=== Supplied records ===

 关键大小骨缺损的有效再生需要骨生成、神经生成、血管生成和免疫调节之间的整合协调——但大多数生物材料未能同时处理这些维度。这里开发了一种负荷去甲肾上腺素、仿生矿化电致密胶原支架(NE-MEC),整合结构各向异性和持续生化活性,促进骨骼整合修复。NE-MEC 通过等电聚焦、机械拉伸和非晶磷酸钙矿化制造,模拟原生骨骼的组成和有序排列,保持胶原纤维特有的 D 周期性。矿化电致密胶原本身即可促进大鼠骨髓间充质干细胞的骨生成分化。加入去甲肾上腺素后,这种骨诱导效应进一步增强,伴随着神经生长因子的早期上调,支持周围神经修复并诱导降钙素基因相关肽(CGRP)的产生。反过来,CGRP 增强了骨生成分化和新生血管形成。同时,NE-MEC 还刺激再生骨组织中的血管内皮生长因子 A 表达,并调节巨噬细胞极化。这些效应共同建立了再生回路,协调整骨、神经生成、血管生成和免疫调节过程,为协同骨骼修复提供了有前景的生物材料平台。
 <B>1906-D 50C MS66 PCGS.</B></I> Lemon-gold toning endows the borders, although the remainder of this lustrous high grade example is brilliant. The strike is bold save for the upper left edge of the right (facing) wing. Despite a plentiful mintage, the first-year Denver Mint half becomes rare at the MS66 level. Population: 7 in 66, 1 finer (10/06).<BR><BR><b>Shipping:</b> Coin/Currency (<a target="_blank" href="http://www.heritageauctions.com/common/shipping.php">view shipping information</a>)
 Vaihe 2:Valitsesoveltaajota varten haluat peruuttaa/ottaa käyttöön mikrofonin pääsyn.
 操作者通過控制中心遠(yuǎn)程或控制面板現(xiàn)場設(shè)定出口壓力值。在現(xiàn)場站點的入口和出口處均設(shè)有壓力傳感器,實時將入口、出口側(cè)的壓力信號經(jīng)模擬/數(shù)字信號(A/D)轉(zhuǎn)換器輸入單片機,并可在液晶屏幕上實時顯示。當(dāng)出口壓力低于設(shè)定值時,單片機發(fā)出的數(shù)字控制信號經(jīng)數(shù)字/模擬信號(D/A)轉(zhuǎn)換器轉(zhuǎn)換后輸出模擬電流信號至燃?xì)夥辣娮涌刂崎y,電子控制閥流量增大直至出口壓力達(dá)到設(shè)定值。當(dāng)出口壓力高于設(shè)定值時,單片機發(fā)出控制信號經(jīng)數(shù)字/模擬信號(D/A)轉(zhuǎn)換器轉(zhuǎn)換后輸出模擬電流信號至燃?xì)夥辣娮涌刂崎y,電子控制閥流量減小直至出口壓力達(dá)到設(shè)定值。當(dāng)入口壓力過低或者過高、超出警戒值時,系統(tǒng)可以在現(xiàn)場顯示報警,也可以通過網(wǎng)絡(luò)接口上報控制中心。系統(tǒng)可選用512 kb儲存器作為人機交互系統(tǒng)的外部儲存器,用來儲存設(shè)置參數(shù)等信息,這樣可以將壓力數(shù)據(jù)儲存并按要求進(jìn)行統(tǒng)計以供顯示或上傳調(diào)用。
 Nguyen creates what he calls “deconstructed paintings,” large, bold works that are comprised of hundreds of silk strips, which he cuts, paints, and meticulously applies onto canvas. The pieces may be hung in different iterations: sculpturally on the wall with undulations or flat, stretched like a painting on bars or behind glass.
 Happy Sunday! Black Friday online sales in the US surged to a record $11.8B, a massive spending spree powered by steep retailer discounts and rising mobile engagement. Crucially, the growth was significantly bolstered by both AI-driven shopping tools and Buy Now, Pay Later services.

===
=== Supplied records ===

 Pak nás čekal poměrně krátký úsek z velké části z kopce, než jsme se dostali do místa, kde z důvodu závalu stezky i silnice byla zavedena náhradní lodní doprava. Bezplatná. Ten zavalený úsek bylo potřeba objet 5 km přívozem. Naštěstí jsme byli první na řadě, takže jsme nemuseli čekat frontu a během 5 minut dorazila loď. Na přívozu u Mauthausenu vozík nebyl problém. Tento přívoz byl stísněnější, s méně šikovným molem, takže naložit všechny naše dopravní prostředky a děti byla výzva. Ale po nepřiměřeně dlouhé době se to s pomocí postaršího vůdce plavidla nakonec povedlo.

===
=== Supplied records ===

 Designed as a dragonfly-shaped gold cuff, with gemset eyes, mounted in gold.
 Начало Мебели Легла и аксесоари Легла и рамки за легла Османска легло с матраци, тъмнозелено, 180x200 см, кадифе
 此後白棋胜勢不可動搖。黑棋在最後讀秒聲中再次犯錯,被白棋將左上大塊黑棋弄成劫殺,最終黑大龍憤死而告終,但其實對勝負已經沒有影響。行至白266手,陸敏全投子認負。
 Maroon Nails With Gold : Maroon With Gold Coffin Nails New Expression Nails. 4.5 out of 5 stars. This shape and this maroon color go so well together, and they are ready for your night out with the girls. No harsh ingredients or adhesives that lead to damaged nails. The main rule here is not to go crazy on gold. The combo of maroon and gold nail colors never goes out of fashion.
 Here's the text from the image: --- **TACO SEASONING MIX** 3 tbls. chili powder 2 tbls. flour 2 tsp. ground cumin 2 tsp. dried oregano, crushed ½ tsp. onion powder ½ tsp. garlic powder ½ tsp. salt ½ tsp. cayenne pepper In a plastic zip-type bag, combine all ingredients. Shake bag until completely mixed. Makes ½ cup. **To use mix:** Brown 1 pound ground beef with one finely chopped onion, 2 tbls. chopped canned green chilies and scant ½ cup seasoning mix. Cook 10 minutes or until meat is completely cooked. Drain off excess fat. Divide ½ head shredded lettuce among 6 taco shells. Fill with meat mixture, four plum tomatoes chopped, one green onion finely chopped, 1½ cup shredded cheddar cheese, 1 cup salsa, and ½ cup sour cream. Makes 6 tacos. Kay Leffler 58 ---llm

===

Task directions —
Of the lines above, extract only those from the line with "<B>1906-D 50C MS66" to the line with "Vaihe 2:Valitsesoveltaajota varten", both included, exactly as written.

Written response —
 <B>1906-D 50C MS66 PCGS.</B></I> Lemon-gold toning endows the borders, although the remainder of this lustrous high grade example is brilliant. The strike is bold save for the upper left edge of the right (facing) wing. Despite a plentiful mintage, the first-year Denver Mint half becomes rare at the MS66 level. Population: 7 in 66, 1 finer (10/06).<BR><BR><b>Shipping:</b> Coin/Currency (<a target="_blank" href="http://www.heritageauctions.com/common/shipping.php">view shipping information</a>)
 Vaihe 2:Valitsesoveltaajota varten haluat peruuttaa/ottaa käyttöön mikrofonin pääsyn.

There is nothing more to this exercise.